Neuer Kanal soll in die Lagune gebaggert werden

„Kreuzfahrtschiffe sind unser Leben“, sagen dagegen die Betreiber des Hafens. Mehr als zwei Millionen Touristen kämen jedes Jahr auf dem Seeweg vorbei, das bringe 430 Millionen Euro, erhalte 5000 Arbeitsplätze. „Kreuzfahrtschiffe raus aus der Lagune!” – dieser Schlachtruf der immer häufigeren Protestkundgebungen sei „der Tod der Stadt“. Derzeit hat Venedig keine Regierung. Dieses politische Vakuum, so Umweltschützer, hätte „die Kreuzfahrt- und die korrupte Baulobby“ genutzt, „zu Gunsten der eigenen Interessen die schlechteste aller möglichen Lösungen durchzusetzen“.

Das Komitee aus Regierung, Fachleuten sowie Stadt- und Regionalpolitikern hat in der Ferienstille beschlossen, für die Kreuzfahrtschiffe einen neuen Kanal in die Lagune zu baggern. Genauer gesagt wollen sie nur eine Umweltverträglichkeitsprüfung vornehmen, aber ausschließlich für diese Zufahrt. In den Augen der Kritiker ist die Sache damit entschieden, zumal auch schon ein Termin für die Fertigstellung des Kanals genannt wird: in achtzehn Monaten soll er freie Fahrt ermöglichen.

Es gibt aber auch drei Fortschritte zu beobachten

Damit sind alle Lösungsvorschläge vom Tisch, die mit Hinweis auf das zerbrechliche ökologische Gleichgewicht in der seichten Lagune die Riesenschiffe an der Einfahrt hindern wollten. Draußen, auf der Meerseite des Lido beispielsweise, sollte ein Spezialterminal für Kreuzfahrtschiffe eingerichtet werden, verlangten die einen, und die anderen, die 300 oder mehr Meter langen Schiffe, wenn schon in die Lagune, dann wenigstens weitmöglichst vom Stadtgebiet entfernt zu leiten.

Nun soll eine heute kleine Fahrrinne von 2,4 auf 10,50 Meter Tiefe ausgebaggert und auf bis zu 200 Meter verbreitert werden – mit allen Folgen für die Wasserzirkulation in der Lagune. „Zerstörerisch“ sei das, sagen die Umweltschützer; die Hafenchefs entgegnen: damit werde „die Wiederherstellung des ökologischen Gleichgewichts erst ermöglicht“.

Drei Fortschritte aber gibt es jetzt schon: Die Regierung will ab 2015 ein zwei Jahre altes Dekret in Kraft setzen, welches Schiffen ab 96 000 Tonnen die Durchfahrt durch das „San-Marco-Bassin“ verbietet.
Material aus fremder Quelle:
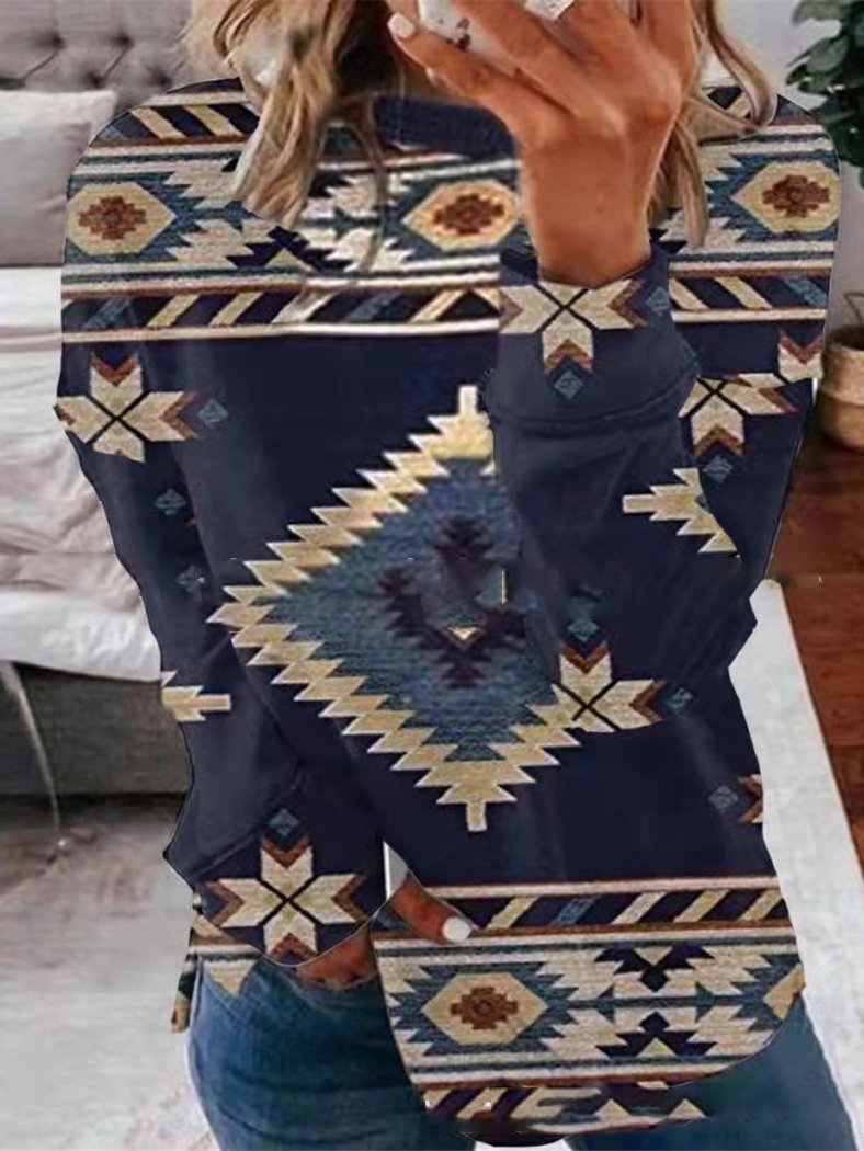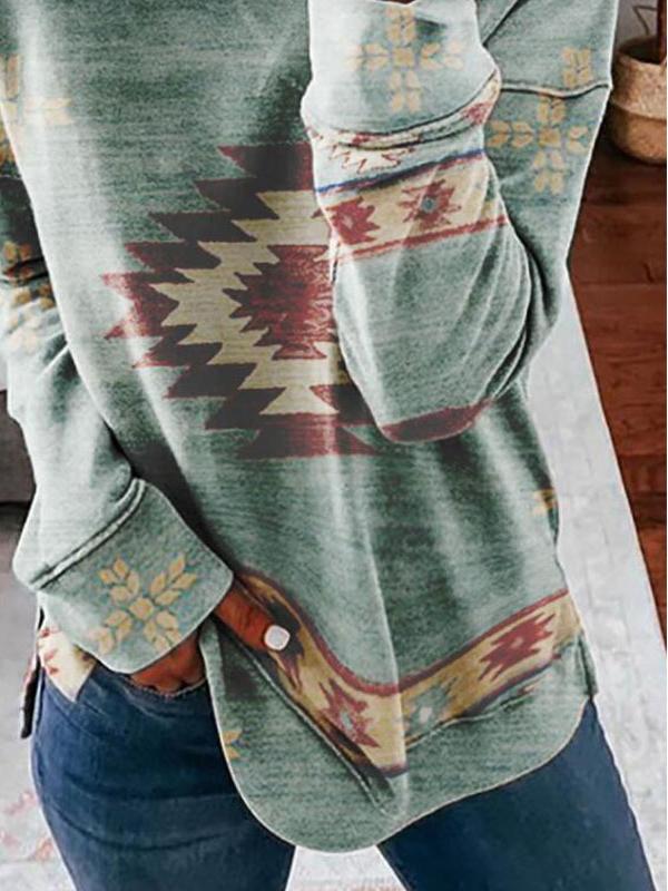 T-Shirts Retro Print Round Neck Long Sleeve T-Shirt for Women

Zweitens werden 446 der großen Passagierfähren derzeit vom venezianischen Inselhafen nach Fusina aufs Festland verlegt, und drittens haben sich die Kreuzfahrtreedereien „freiwillig“ verpflichtet, nicht mehr so viele Schiffe unmittelbar an San Marco vorbeifahren zu lassen.